We have a RDS Postgres database, m3.2xlarge with 2000 Provisioned IOPS and 400GB storage.  This translates to 8 virtual CPUs, 30GiB memory, and all SSD drives.

Several questions here:

1) Is that level of IOPS normal?
2) Is it bad that the level of iops can queue requests that screw up the whole database even if it's just select queries?  Especially when the CPU and Memory are still plentiful?
3) What is up with the huge difference between cold and warm cache?

Any help is appreciated!

- jzc

Re: Sanity checking big select performance

From
Tomas Vondra
Date:
On 28.10.2014 22:15, Jeff Chen wrote:
> Hi friends!
>
> I'd love to get a sanity check on whether a fat select query I'm doing
> makes sense given the infrastructure that we have.
>
> We have 3 big tables that we typically join together for certain
> queries: a ~40 million row photos table, a ~20 million row users table,
> and a ~50 million row photo_to_album table that maps photos to albums.

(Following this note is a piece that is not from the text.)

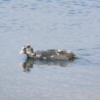 こんにちは、水前寺江津湖公園です。 園内ではオオバンをとても多く見かけます。注意深く観察してみると、その中に一部羽が白化した個体を見かけました。オオバンの部分白化個体です。この個体は1月にも見かけています。

So how much data is it? Does it fit within RAM (after loading into DB,
with all the indexes)?

> We like to display real time analytics, which often results in a query like:
>
> select (random aggregations )
> from
> photo_to_album join photos on photos.id <http://photos.id> =
> photo_to_album.photo_id
> join users on users.id <http://users.id> = photos.user_id
> where
> photo_to_album.album_id = <something>
> and
> photos.created_at between <some dates>
> and <other junk>
>
> We have indexes on all of the joins, and the where clauses.

Can we get EXPLAIN (and ideally EXPLAIN ANALYZE) for such queries?

> One of these queries that should be targeting something like 300K
> photos takes 38 seconds to run (with an aggregate/nested loop taking
> effectively all of that time), and then upon second execution with a
> warm cache, 4 seconds.

Well, if you're hitting disk, it's going to be slow. As you observed,
after loading it into page cache, it's much faster.

> Also worryingly, it spikes read IOPS to almost 1500/sec during the time
> and write IOPS 200/sec.  When not running the query, steady level read
> iops basically nil, write hovers around 50-100.
>
> This also increases the queue depth from basically 0 up to 6.  Keeping
> the queue depth high seems to cause timeouts in other queries.  The CPU
> is barely if at all affected, hovering around 20%.  Memory also barely
> affected.

20% is ~2 CPU cores (as you have 8 of them).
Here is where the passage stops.